Before the first Cricket World Cup
The
first ever international cricket match was played between Canada and the United States, on the 24 and 25 September 1844. However, the first credited
Test match was played in 1877 between
Australia and
England, and the two teams competed regularly for
The Ashes in subsequent years.
South Africa was admitted to Test status in 1889.Representative cricket teams were selected to
tour each other, resulting in bilateral competition. Cricket was also included as an
Olympic sport at the
1900 Paris Games , where
Great Britain defeated
France to win the
gold medal.This was the only appearance of cricket at the
Summer Olympics
The first multilateral competition at international level was the
1912 Triangular Tournament , a Test cricket tournament played in England between all three Test-playing nations at the time: England, Australia and South Africa.
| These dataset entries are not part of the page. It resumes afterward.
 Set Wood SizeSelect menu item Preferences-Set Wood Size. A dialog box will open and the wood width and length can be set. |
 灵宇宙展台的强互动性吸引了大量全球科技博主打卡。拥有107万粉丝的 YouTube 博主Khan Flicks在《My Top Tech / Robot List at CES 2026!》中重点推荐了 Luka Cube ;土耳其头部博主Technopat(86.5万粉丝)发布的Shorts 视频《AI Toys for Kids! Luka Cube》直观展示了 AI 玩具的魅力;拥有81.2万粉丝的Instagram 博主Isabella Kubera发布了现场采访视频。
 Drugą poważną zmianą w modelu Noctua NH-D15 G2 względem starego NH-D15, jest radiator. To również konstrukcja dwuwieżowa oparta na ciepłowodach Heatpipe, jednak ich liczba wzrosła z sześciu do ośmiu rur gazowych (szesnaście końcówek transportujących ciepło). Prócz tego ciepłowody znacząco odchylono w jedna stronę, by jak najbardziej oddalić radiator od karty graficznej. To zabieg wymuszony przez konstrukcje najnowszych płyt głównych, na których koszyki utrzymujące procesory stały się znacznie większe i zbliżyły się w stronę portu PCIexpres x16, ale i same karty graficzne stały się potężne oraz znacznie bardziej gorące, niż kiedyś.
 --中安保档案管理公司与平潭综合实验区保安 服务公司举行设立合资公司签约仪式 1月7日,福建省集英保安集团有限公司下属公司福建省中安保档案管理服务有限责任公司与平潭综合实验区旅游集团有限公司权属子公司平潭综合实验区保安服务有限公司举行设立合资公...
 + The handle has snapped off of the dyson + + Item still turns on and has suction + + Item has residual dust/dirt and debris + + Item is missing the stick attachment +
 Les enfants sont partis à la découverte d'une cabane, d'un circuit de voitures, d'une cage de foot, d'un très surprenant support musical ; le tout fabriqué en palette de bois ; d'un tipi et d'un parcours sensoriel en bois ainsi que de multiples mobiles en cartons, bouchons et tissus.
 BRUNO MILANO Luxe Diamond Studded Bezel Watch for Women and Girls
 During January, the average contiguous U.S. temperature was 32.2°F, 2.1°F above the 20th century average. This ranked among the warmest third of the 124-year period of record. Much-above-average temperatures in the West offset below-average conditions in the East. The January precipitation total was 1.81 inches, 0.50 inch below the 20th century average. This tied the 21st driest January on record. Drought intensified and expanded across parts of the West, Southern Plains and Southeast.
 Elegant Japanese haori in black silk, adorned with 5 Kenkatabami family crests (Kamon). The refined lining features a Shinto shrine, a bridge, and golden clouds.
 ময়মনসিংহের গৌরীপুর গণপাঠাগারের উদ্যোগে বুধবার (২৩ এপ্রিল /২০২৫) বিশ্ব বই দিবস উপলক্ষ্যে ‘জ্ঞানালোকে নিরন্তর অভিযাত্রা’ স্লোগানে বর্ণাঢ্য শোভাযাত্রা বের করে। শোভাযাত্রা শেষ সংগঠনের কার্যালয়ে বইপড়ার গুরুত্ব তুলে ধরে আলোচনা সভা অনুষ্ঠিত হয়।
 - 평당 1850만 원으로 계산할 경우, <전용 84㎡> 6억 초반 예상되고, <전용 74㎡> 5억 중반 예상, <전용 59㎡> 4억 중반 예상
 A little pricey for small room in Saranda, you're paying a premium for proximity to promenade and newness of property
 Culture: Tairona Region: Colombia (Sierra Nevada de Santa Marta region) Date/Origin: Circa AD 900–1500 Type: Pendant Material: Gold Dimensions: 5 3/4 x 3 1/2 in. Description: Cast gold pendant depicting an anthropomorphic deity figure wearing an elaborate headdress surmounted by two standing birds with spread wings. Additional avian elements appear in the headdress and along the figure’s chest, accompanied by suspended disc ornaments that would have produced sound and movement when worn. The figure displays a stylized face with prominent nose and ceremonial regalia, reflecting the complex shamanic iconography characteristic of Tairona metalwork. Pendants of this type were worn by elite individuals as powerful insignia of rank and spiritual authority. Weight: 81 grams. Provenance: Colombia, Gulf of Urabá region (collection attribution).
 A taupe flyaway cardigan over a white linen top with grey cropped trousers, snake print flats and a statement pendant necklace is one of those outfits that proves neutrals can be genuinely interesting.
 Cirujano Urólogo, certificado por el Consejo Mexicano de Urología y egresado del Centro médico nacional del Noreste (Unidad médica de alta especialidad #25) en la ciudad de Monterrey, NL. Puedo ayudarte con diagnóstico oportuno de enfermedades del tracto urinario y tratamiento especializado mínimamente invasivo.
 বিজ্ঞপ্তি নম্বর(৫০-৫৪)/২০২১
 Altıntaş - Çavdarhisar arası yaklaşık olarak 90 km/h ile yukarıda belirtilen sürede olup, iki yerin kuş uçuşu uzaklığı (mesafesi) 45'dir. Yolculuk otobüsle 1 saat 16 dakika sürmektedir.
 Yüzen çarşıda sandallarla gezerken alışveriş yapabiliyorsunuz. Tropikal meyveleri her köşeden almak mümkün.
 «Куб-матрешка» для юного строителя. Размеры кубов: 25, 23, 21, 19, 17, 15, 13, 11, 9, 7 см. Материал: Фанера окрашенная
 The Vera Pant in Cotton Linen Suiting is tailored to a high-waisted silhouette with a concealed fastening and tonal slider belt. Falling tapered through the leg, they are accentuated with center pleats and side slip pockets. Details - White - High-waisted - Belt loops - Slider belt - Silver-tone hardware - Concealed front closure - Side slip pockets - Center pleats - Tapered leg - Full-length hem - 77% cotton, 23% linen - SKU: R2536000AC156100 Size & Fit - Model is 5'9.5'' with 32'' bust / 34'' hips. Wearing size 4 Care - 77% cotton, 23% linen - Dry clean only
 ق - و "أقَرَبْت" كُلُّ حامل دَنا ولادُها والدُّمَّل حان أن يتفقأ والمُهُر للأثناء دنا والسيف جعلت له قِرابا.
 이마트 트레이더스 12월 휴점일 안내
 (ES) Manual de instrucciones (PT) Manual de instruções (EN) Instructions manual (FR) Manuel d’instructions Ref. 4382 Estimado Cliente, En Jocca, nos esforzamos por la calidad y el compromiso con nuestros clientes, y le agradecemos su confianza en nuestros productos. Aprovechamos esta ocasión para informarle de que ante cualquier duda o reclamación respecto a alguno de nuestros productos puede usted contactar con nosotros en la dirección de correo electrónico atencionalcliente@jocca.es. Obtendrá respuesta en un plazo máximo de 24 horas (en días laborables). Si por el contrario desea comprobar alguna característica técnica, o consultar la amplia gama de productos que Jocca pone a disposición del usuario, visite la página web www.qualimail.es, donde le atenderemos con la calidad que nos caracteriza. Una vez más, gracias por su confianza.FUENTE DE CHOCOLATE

The event was not a success: the summer was exceptionally wet, making play difficult on damp uncovered pitches, and attendances were poor, attributed to a "surfeit of cricket". In subsequent years, international Test cricket has been generally been organised as bilateral series: a multilateral Test tournament was not organised again until the quadrangular
Asian Test Championship in 1999.
The number of nations playing Test cricket increased gradually over the years, with the addition of
West Indies in 1928,
New Zealand in 1930,
India in 1932, and
Pakistan in 1952, but international cricket continued to be played as bilateral Test matches over three, four or five days.
In the early 1960s, English
county cricket teams began playing a shortened version of cricket which only lasted for one day. Starting in
1962 with a four-team
knockout competition known as the Midlands Knock-Out Cup, and continuing with the inaugural
Gillette Cup in
1963,
one-day cricket grew in popularity in England. A national
Sunday League was formed in
1969. The first One-Day International event was played on the fifth day of a rain-aborted Test match between England and Australia at
Melbourne in
1971, to fill the time available and as compensation for the frustrated crowd. It was a forty
over match with eight balls per over.
The success and popularity of the domestic one-day competitions in England and other parts of the world, as well as the early One-Day Internationals, prompted the ICC to consider organising a Cricket World Cup.